Respecto a esta "bomba inminente" tanto económica como política y social, Mariano Quihillaborda, asesor financiero de Benedit Bursátil, cuenta que el año pasado vino a Chile a juntarse con inversionistas para comentarles que había que invertir en empresas de energía porque se venía el aumento de tarifas.

"Nos gusta el modelo (económico de Macri), pero se está pensando demasiado políticamente en el mañana y están perdiendo al 'paciente' hoy" Mariano Quihillaborda "Me preguntaban cuánto subirían y yo les comentaba que se estimaban alzas del 1.000%-2.000% -porque antes era prácticamente cero- y los chilenos me decían '¡Pero cómo!¡Les van a quemar las calles!' y yo les explicaba que no, que había consenso de que la energía se había estado regalando".

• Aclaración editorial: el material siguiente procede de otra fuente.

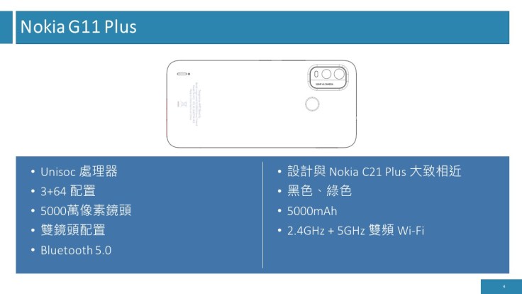 Nokia G11 Plus 流傳硬件規格介乎 Nokia G11、Nokia G21 之間,保留了 5000mAH、雙頻 WiFi 兩大特色

"El problema es que después se cometieron otros errores que continuaron elevando el costo de vida de las personas al mismo tiempo de que no se veía un ahorro en el gasto político considerable, entonces no se genera la confianza necesaria, la gente se enoja y esa 'quema de las calles' se ve más probable", explica.

En medio de todos los flancos, el gobierno argentino ya confirmó que el acuerdo con el Fondo Monetario Internacional se firmará dentro de los próximos 10 días y, aunque las negociaciones se han realizado en un profundo hermetismo, los entrevistados coinciden en que el organismo podría exigir a cambio del préstamo una mayor reducción del déficit fiscal, un apuntalamiento al consumo interno y, probablemente, reformas.

Así, para el politólogo Julio Burdmann, "el tema, es que cuando interviene, después de que firmaste el convenio, es un organismo que exige grandes cosas y termina afectando el bolsillo de las personas y toda la evidencia así lo demuestra".